I will not die in the mud in front of men who call me garbage.

I pulled again. My broken ribs ground together. The sound was wet. Terrible. I pulled anyway.

"Still moving," one of the guards observed, almost impressed.

"Give it a minute."

My vision was narrowing. The edges going dark, curling inward like burning parchment. The mate bond flickered—Kaelen’s heartbeat barely perceptible through layers of haze and poison. But there. Still there.

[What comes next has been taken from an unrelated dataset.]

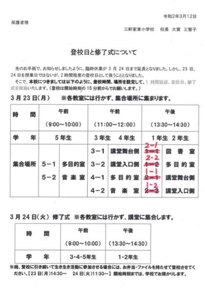 【変更】登校日と終了式について
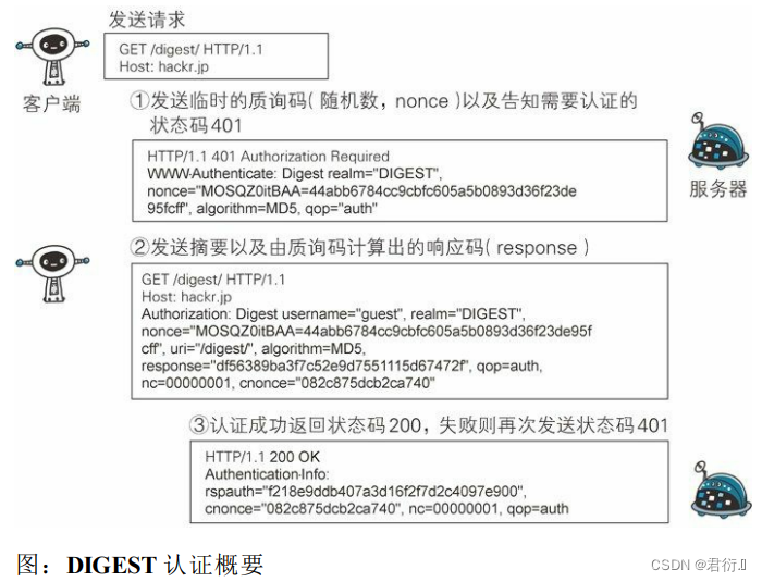 为弥补 BASIC 认证存在的弱点,从 HTTP/1.1 起就有了 DIGEST 认证。 DIGEST 认证同样使用质询 / 响应的方式(challenge/response),但不会像 BASIC 认证那样直接发送明文密码。

I’m sorry, I thought, though I didn’t know who the apology was for. Valerius. Kaelen. The baby. Myself.

The darkness was reaching for me now. Gentle hands pulling me under. The pain was receding, which frightened me more than the pain itself. When the body stops hurting, it means the body is giving up.

No—

Footsteps.

Not the shuffling, casual boot-scrape of the two guards. These were different. Measured. Heavy. Deliberate. The footsteps of someone accustomed to being obeyed.

The soldiers heard them too. Their laughter cut off abruptly. I heard the sharp click of heels snapping together. Spears raised to attention.

"Sir! We—"

"What exactly is going on here?"

The voice was low, commanding, and achingly familiar.